Pflege von Demenzpatienten:Taten gefragt

Glückwunsch an den Reischlhof und die Innere Mission München als Träger des Pflegeheims: Hier scheint tatsächlich der Mensch im Mittelpunkt zu stehen.

Von Anja Blum

Stellen Sie sich vor, Sie werden aus Versehen irgendwo eingesperrt. Das ist kein schönes Gefühl. Jeder Mensch wird versuchen, sich aus einer solchen Lage zu befreien, das Bedürfnis nach Freiheit ist ein tiefsitzender Instinkt - und wird selbst von einer Demenzerkrankung nicht unterbunden.

Im Ebersberger Reischlhof lebt zum Beispiel eine Dame, die fast jeden Nachmittag mit ihrer Handtasche am Arm vor der Tür ihrer Station steht - in der Hoffnung, doch einmal hindurch schlüpfen zu können. Am Fuß trägt sie einen Transponder, der ihr den Durchgang eigentlich verwehrt. Doch letztens war es so weit: Zwei junge, höfliche Besucher hielten der Dame die Türe auf. Das alarmierte Personal konnte die desorientierte Bewohnerin gerade noch von einem Ausflug abhalten.

Draußen nämlich, und das ist die andere Seite der Medaille, sind ältere Menschen mit Orientierungsschwäche vielen Gefahren ausgesetzt. Schnell finden sie sich nicht mehr zurecht beziehungsweise zurück nach Hause - mit unabsehbaren Folgen. Deswegen ist in Heimen wie dem Reischlhof, in dem viele Demenzpatienten leben, freilich Vorsicht geboten.

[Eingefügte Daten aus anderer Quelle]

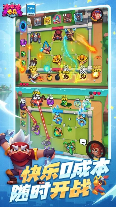 《冲冲奇兵》这款策略游戏融合了塔防玩法与卡牌收集元素。其故事舞台搭建在魔法与科技相互交融的兰德姆岛奇幻世界,岛上的居民分属森林联盟、科技起源协会、魔法协会、光之国以及黑暗领域这五个阵营。玩家能够自主搭配出自己喜欢的队伍,通过守护大门来赢得游戏的胜利。
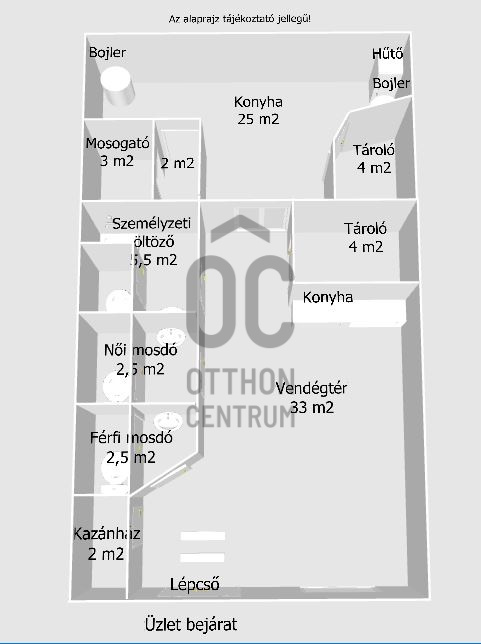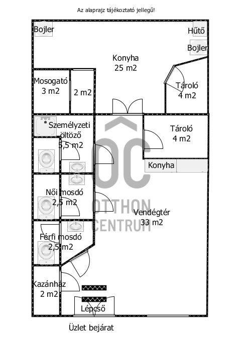 - szuterén / alagsor, ablakokkal ellátva, így természetes fényt kap a vendégtér / étkezőrész

Für die Pflege ist es eine Gratwanderung

Und so ist das Dilemma zwischen Freiheit und Sicherheit, die Gratwanderung zwischen Fürsorge und Bevormundung, in allen Einrichtungen für Senioren allgegenwärtig. Einsperren oder gar Festgurten darf keine schnelle Lösung sein - sondern höchstens ultima ratio, das beteuern alle Verantwortlichen. Doch hier sind nicht nur Worte gefragt, sondern vor allem Taten. Die Träger müssen alle Möglichkeiten ausschöpfen, den ihnen Anvertrauten so viel Bewegungsfreiheit und Raum für eigene Entscheidungen zu lassen wie irgend möglich - auch wenn dies viel Aufwand und Kosten verursacht.

Insofern kann man den Reischlhof und die Innere Mission München nur beglückwünschen zu diesem Pilotprojekt, das verwirrten Menschen mehr Freiheit und zugleich Sicherheit bietet. Zumal bereits drei weitere Häuser des Trägers auf der Warteliste für die neue Technik stehen. "Bei uns steht der Mensch im Mittelpunkt", sagt Pfarrer Günther Bauer, Vorstand der Inneren Mission. Das kann man ihm offenbar glauben.